Preliminary Validation of an Optimally Weighted Patient-Based Utility Index by Application to Randomized Trials in Breast Cancer

Sep 1, 2009, 00:00 AM
10.1111/j.1524-4733.2009.00536.x
https://www.valueinhealthjournal.com/article/S1098-3015(10)60297-5/fulltext
Section Title :
Section Order : 20
First Page :

Objectives

To optimize, apply, and validate a scoring algorithm that provides a utility index from a cancer-specific quality of life questionnaire called the Utility-Based Questionnaire-Cancer (UBQ-C) using data sets from randomized trials in breast cancer.
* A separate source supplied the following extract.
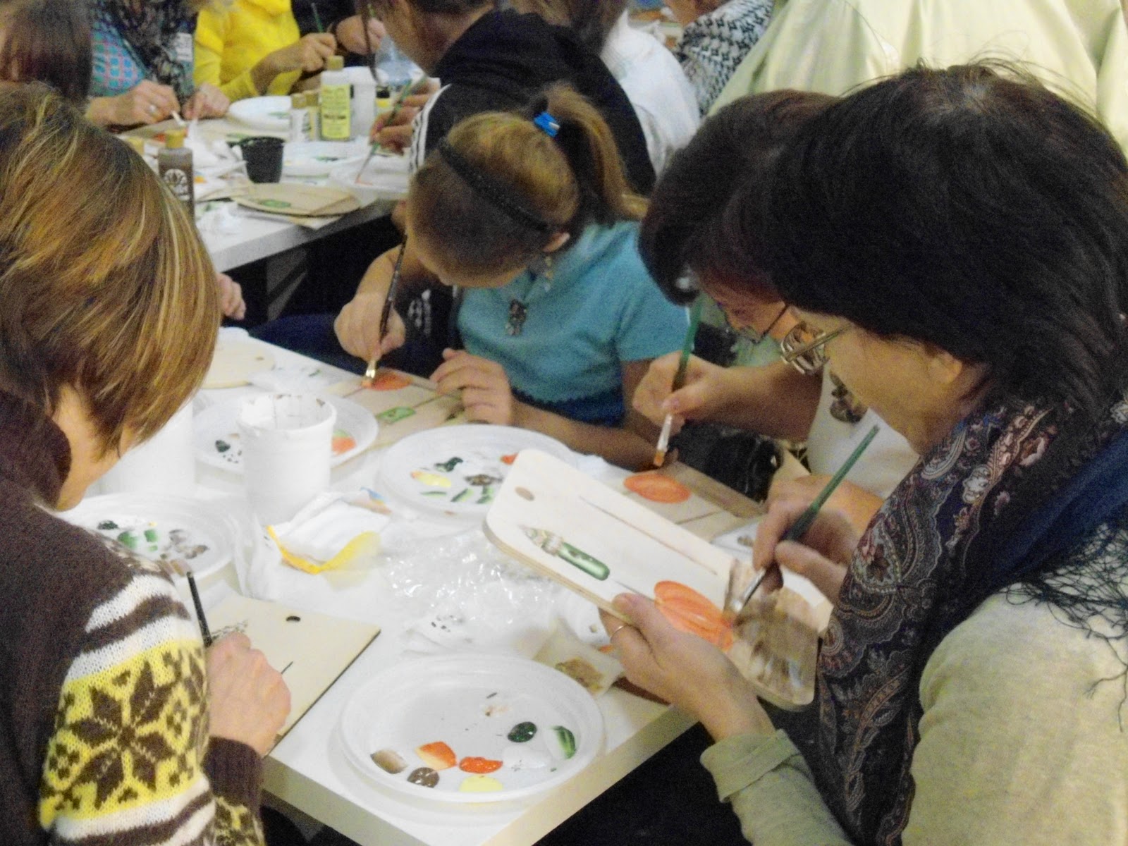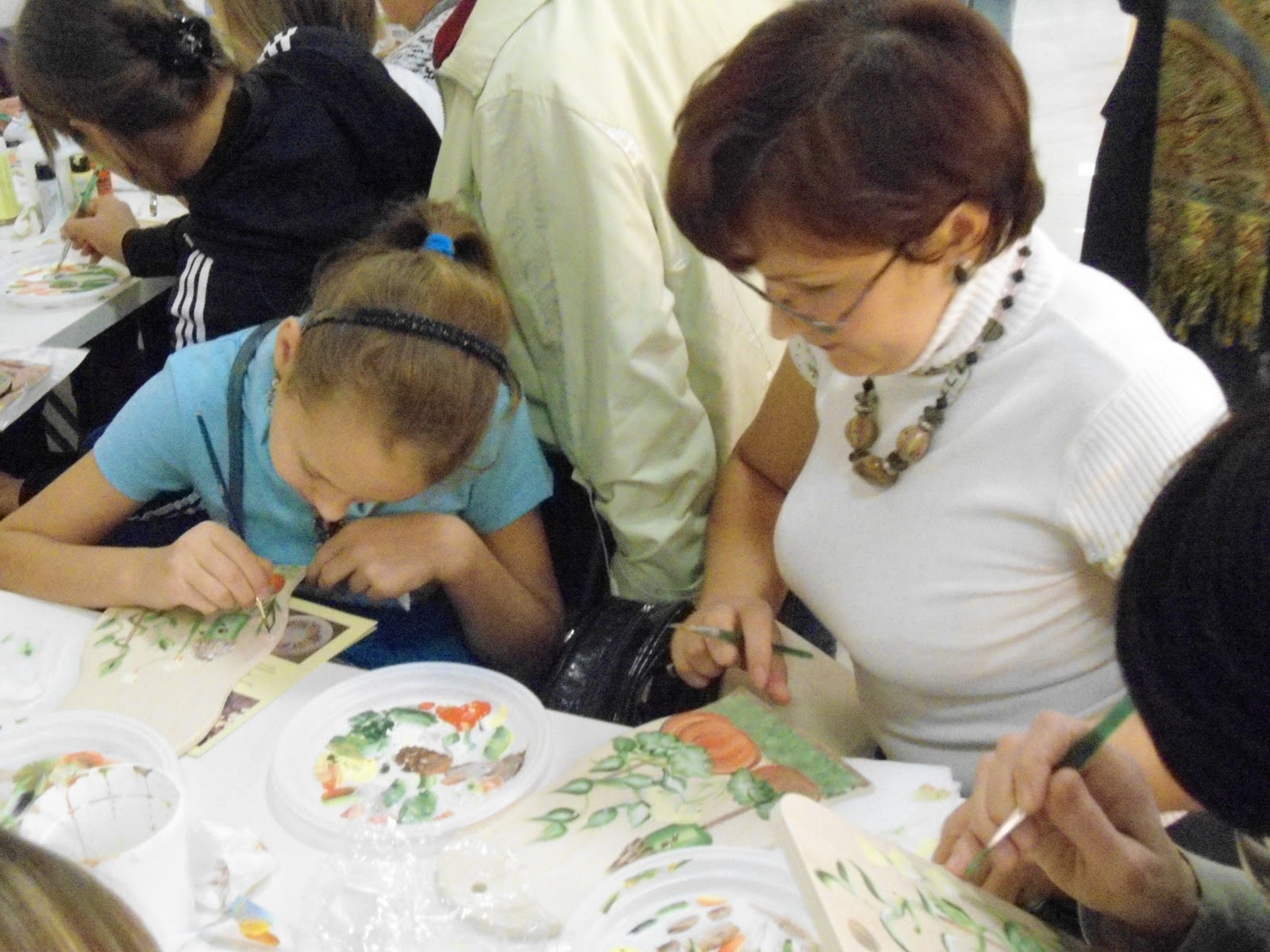 Мы пару недель назад ходили на бесплатный МК "Роспись одним мазком" в Леонардо. Давно хотелось с мастером пообщаться. Посмотреть как профессионалы работают. А то у меня основные учителя-журналы да интернет Удобно,конечно. да с живыми людьми все ж таки приятнее общаться. Так понравилось!!!! Мы с Полинкой старались красоту делать, а вот муж мой стоял над душой и советы давал. Главное тоже себе досочку взял,а сам побоялся видимо, вдруг не получится)))) Ох этот Левка. Всегда он так- умничать любит.Ну хоть нас за делом сфотографировал-хоть какая-то польза от него была.)))

The index is designed to reflect the perspective of cancer patients in a specific clinical context so as to best inform clinical decisions.

Methods

We applied the UBQ-C scoring algorithm to trials of chemotherapy for advanced (n = 325) and early (n = 126) breast cancer. The algorithm converts UBQ-C subscales into a subset index, and combines it with a global health status item into an overall HRQL index, which is then converted to a utility index using a power transformation. The optimal subscale weights were determined by their correlations with the global scale in the relevant data set. The validity of the utility index was tested against other patient characteristics.

Results

Optimal weights (range 0–1) for the subset index in advanced (early) breast cancer were: physical function 0.20 (0.09); social/usual activities 0.23 (0.25); self-care 0.04 (0.01); and distresses 0.53 (0.64). Weights for the overall HRQL index were health status 0.66 (0.63) and subset index 0.34 (0.37). The utility index discriminated between breast cancer that was advanced rather than early (means 0.88 vs. 0.94, P 0.0001).

Conclusions

The scoring algorithm for the UBQ-C utility index can be optimized in different clinical contexts to reflect the relative importance of different aspects of quality of life to the patients in a trial. It can be used to generate sensitive and responsive utility scores, and quality-adjusted life-years that can be used within a trial to compare the net benefit of treatments and inform clinical decision-making.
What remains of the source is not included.